Mumbai-based Wadhwa has also struck an equity partnership with Bengaluru-based developer Salarpuria Sattva Group to develop the project jointly. This project will mark the entry of Salarpuria Sattva Group, a prominent residential and commercial office developer in Bengaluru and Hyderabad, into Mumbai.

The 2.3 acre plot, which has been sold for around Rs170 crore, will have around 600,000 sq. ft of residential development.

“The debt we are raising will be used for land payment. The project, which is located in Chembur, will be launched in the next few months and will have apartments ranging from two bedroom to four bedroom homes,” said Navin Makhija, managing director, Wadhwa Group. Spokespersons of Salarpuria Sattva and Piramal declined to comment.
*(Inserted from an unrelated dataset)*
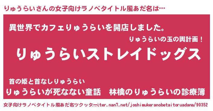 | 可愛いあだ名 | 『りゅうちぇる』『りゅうらいママ』 |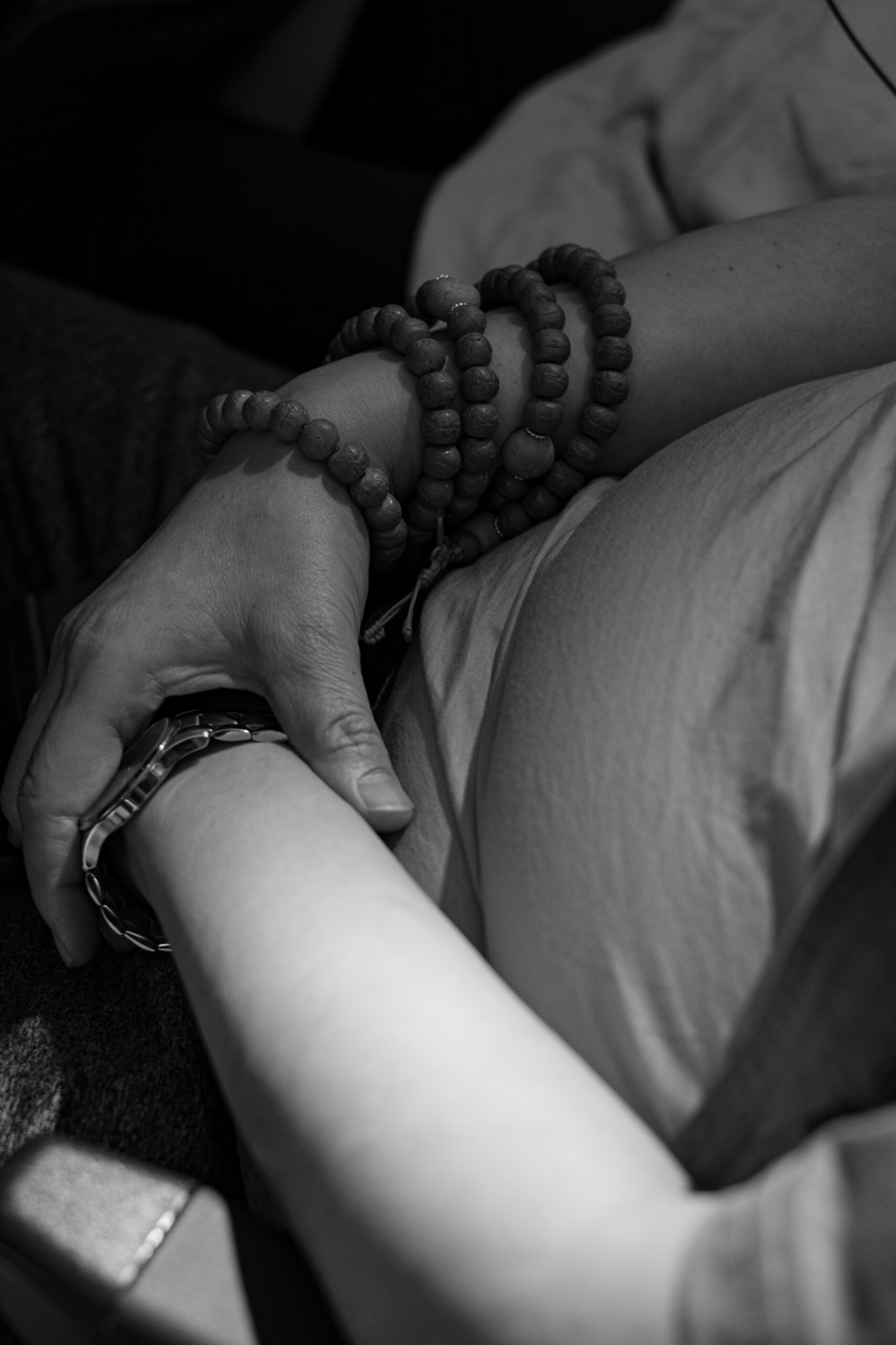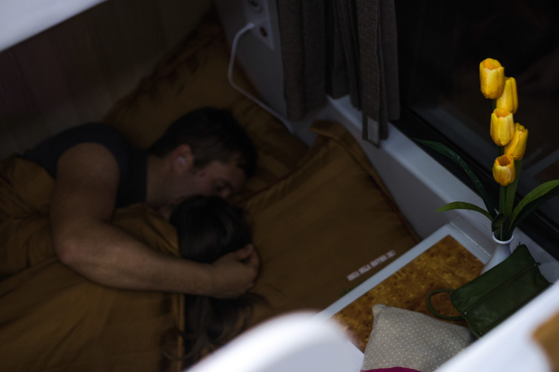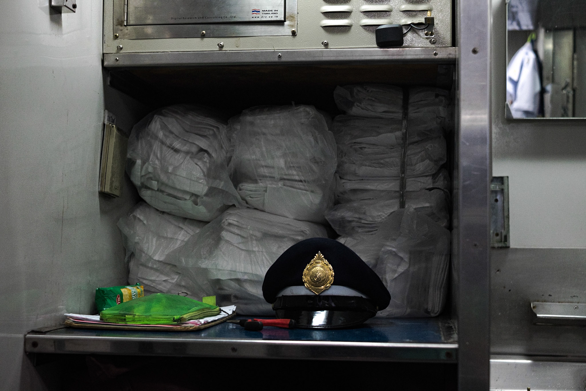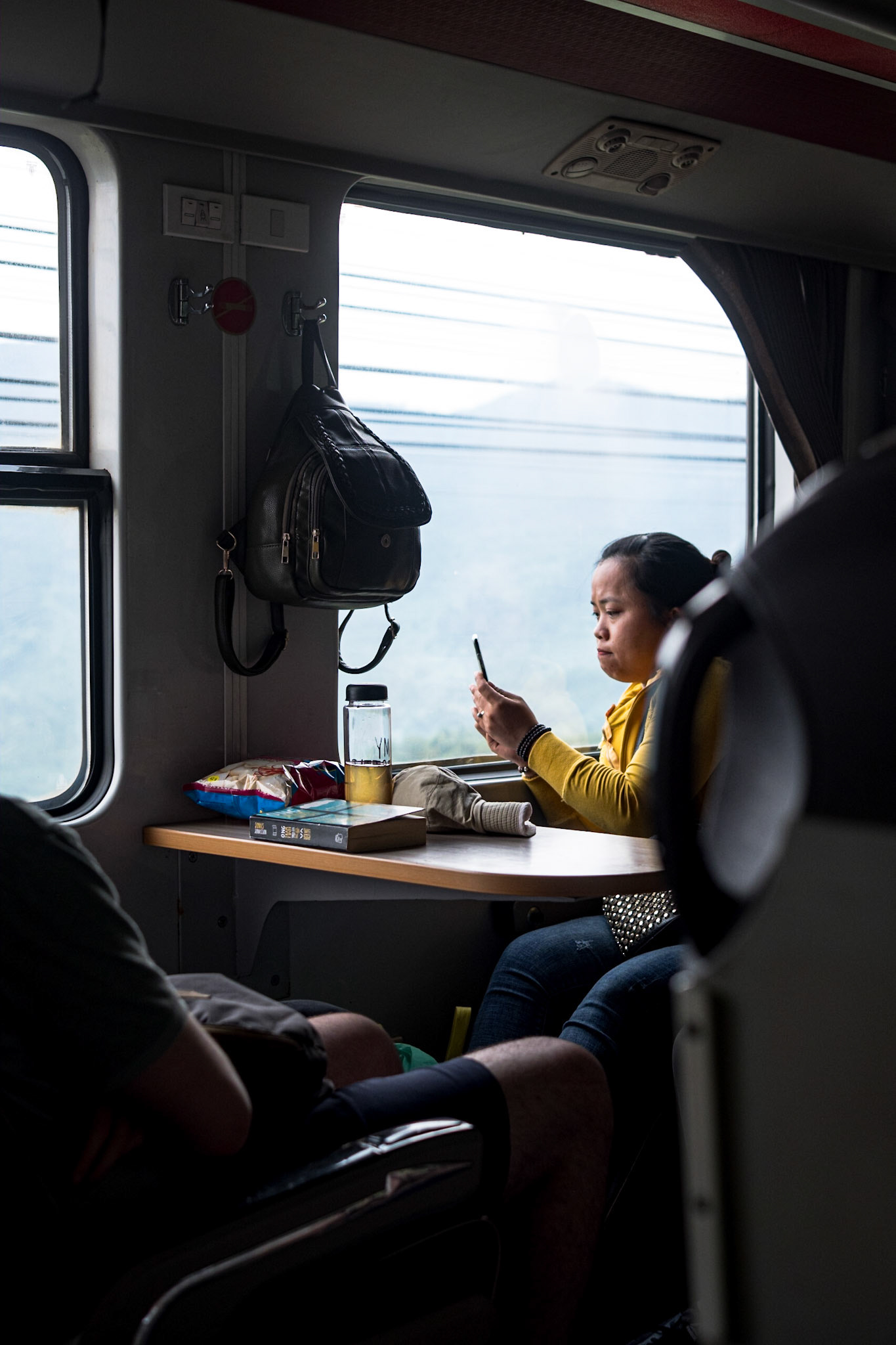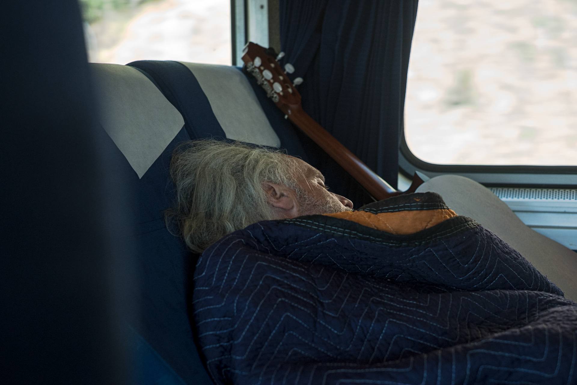 An old man sits opposite his son (who is below me) on the lower bunk of a train departing from the station in Bangkok. He reminded me of an aged, beloved pet—a dog or cat—that because it is so weak, frail, and thin needs care and guidance for nearly everywhere it goes.

Beverage and consumer goods firm PepsiCo India sold its defunct Duke’s factory at Chembur. The factory, which was used for manufacturing Duke’s beverages apart from PepsiCo’s other soft drink brands, has not been operational since 2014.

The project being planned on the plot of land is one of the seven projects Wadhwa Group is planning to launch in the coming year, after launching just one residential project in 2017.

Makhija said project launches are being planned across micro-markets in Mumbai.

Wadhwa is a part of Piramal Finance’s Piramal Preferred Partners scheme under which the latter pre-sanctions an open line of credit to back about 8-10 top developers across cities.

Despite the slowdown in the sector, land transactions have been happening as distressed assets rise and large corporates divest non-core land parcels. However, there are more sellers in the market today than buyers, with only developers with specific requirements buying land, unlike earlier when they bought land for future development.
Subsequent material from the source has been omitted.